The "Mercury years" of Spirit were not their early, formative years which were spent with CBS/Columbia. By 1975, the band had effectively ceased to exist. Randy California and Ed Cassidy however decided to give it another go. They resurrected the band name and self funded their comeback album "Spirit of '76", intended as part of the American bicentennial celebrations. Mercury Records picked up the band and further albums were recorded and released over the next couple of years.

This compilation is a fine document of those later years. It contains "Spirit of '76" virtually in its entirety, with only the brief "Jack Bond part 2" and "Star spangled banner" missing. The following "Son of spirit" is also pretty much complete, with only " Don't Go Away" being omitted. "Farther along", is included in full bar the brief closing reworking of "Nature's Way" while "Future games" from 1977 is radically curtailed to just four (of 22) tracks.
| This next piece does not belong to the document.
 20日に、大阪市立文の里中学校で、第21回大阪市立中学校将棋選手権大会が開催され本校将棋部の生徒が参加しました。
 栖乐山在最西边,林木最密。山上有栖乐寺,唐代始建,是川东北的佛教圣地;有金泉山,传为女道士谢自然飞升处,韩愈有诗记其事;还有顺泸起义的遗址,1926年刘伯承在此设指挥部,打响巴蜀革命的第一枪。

"Spirit of '76" is a pleasantly understated affair, the tracks from the original double LP set occupying an entire CD disc here. The sequence of the songs has been altered by Randy himself, presumably to offer what he considered a more satisfying order without the need to take the balancing of LP side lengths into account.

"Son of spirit" followed very rapidly after "Spirit of '76", both being released in the same year. A number of the tracks on the album are over-spills from its predecessor, while a couple of others date from the early 1970's. The album continues in the vein of "Son of spirit", adopting an even more pop orientated style at times. There are a couple high spots though, including the delightful "Maybe you'll find" and the atmospheric "Holy man".
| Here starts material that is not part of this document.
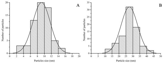 Particle size distributions of (A) Galenia-GNPs and (B) Hypoxis-GNPs as obtained from the HRTEM images.

"Farther along" saw the original line up all but reunited, with only Jay Ferguson missing. Even he would play at some of the band's gigs on the subsequent tour. The album offers a fine diversity of styles from the Simon and Garfunkel like "Don't lock up your door" to the heavy, distorted lead guitar of "Colossus". Given the miserly 32 minute running time of the album, this compilation represents a better value way of obtaining it.

The fourth reunion album "Future games" Is the main loser here, with just four of its 22 tracks being used here. The more experimental nature of the music meant that it was somewhat different to the three albums which proceeded it, with tracks such as "Detroit city" being noticeably different, but not necessarily better.

There is one rarity on the album, a song called "Green back dollar". The song is not contemporary with the other recordings here, being from the 1980's. The lyrics reflect the changing times, asking the children of the 60's to remember their former ideals and to implement them in an 80's context. It is not a particularly memorable affair, being fairly standard hand-clapping pop rock, but it is an interesting addition.

In all, an excellent way to obtain Spirit's first three albums for Mercury Records , pretty much in their entirety. These albums may not represent the band's finest, or indeed most prog years, but there are still many fine songs to be heard and enjoyed.